START Data excerpt

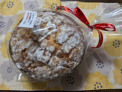 ベネチアーナが届きパネトーネの大好きな友達は大きさにビックリ。とても美味しそうで日増しに美味しくなるのを待ちきれないと喜んでもらえました。
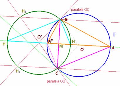 Los puntos H’ y H por simetría respecto a BC se transforman en A y A”: son congruentes los triángulos H’HB y AA”B. Resulta que BO’= CO’=BO=O’H =O’H’. Se trata de una circunferencia de igual radio que G. Sus centros son simétricos respecto del lado fijo BC (pues M es también punto medio de AH’)
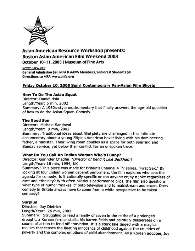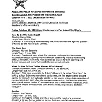 This program guide documents the 2003 Boston Asian American Film Weekend, organized by the Asian American Resource Workshop (AARW) at the Museum of Fine Arts, Boston. It features a selection of films, a list of directors, screening schedules, and participating community organizations.

END Data excerpt

## Problem:
Please write out all of the data verbatim, with no pictures in the copy.

## Task response:
 ベネチアーナが届きパネトーネの大好きな友達は大きさにビックリ。とても美味しそうで日増しに美味しくなるのを待ちきれないと喜んでもらえました。
 Los puntos H’ y H por simetría respecto a BC se transforman en A y A”: son congruentes los triángulos H’HB y AA”B. Resulta que BO’= CO’=BO=O’H =O’H’. Se trata de una circunferencia de igual radio que G. Sus centros son simétricos respecto del lado fijo BC (pues M es también punto medio de AH’)
 This program guide documents the 2003 Boston Asian American Film Weekend, organized by the Asian American Resource Workshop (AARW) at the Museum of Fine Arts, Boston. It features a selection of films, a list of directors, screening schedules, and participating community organizations.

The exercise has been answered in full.